Then, you can have nested objects. Here’s a nested thing, prop = 1, and now we have a nested thing. One of the concepts that drives how we think about Pkl and how we want to design Pkl is to have it closely model the target configuration so that when you read a Pkl file, it looks like the thing that you’re targeting. If you’re describing Kubernetes, for example, you don’t have to guess what that means.

Now I want to jump into what it’s like to use Pkl. Earlier in my slides, we had this. We had my made-up infrastructure as code system, and I want to show you what it looks like when you use Pkl to describe this rather than YAML. One of the concepts of Pkl is you want to describe the schema of the system. Then, once you have the schema, then you can provide the data. Let’s go ahead and do that. I’m calling this FooBarSystem.

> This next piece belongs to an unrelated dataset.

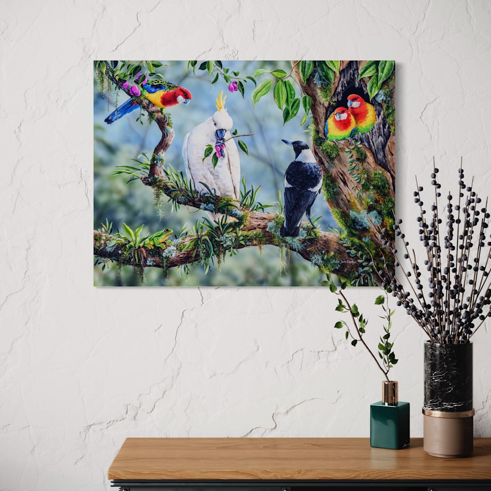 Explore our best-selling collection of wildlife-inspired artwork, featuring stunning artworks of some of Australia's vibrant birdlife. Each piece beautifully highlights the essence of our feathered friends in the outdoors, including:

Then, let’s take the YAML and let’s figure out what it looks like as Pkl. We have machines, so that’s a property, and we can go ahead and declare a property. In this case, instead of providing a value, because I’m describing the schema, I’m just going to provide a type annotation. Machines happens to accept a YAML sequence of objects, and in Pkl, the way that you describe that is to say this is a listing. This is a listing of something, in this case, let’s call it Machine.

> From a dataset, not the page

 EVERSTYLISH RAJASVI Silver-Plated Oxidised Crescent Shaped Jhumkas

Now that we’ve described this top-level machines thing, the editor has told us, I don’t know what machine is, and then we get some editor hints in here. Let’s go ahead and fill it out. Machines is also an object, so we’ll call that a class, and the region is a String. We can actually do a little better than that. Here, let’s assume that region is a closed set of strings. We only have so many regions. We don’t have us-west-3. We don’t have us-south or us-north.

In this case, we can just say this is us-west or us-east. This might look familiar if you come from TypeScript, or maybe Scala 3, or other languages that have union types. Then we have environment, and these are environment variables. This is an arbitrary map of string to string. In Pkl, we’ll say this is a mapping of string to string. Next, we have CPUs, which is an Int. Earlier I said, maybe it’s not valid if we want to create a machine with 10 million CPUs. We can actually say this is an int, or this is less than 64. What I’m doing here is I’m creating a type that has a constraint on it, and this constrains the set of possible values that you can provide to CPUs. Also say this is a UInt, because maybe negative CPUs doesn’t make sense either.

One more example. The next thing is memory. Memory, over here, is a string. In Pkl, we can do a little better than that. We can say memory is a data size, and data size is a primitive that’s built right into Pkl. What this means is you don’t need to guess how that system represents 4 gigabits, because you don’t write a string, you use the primitive that’s built into Pkl.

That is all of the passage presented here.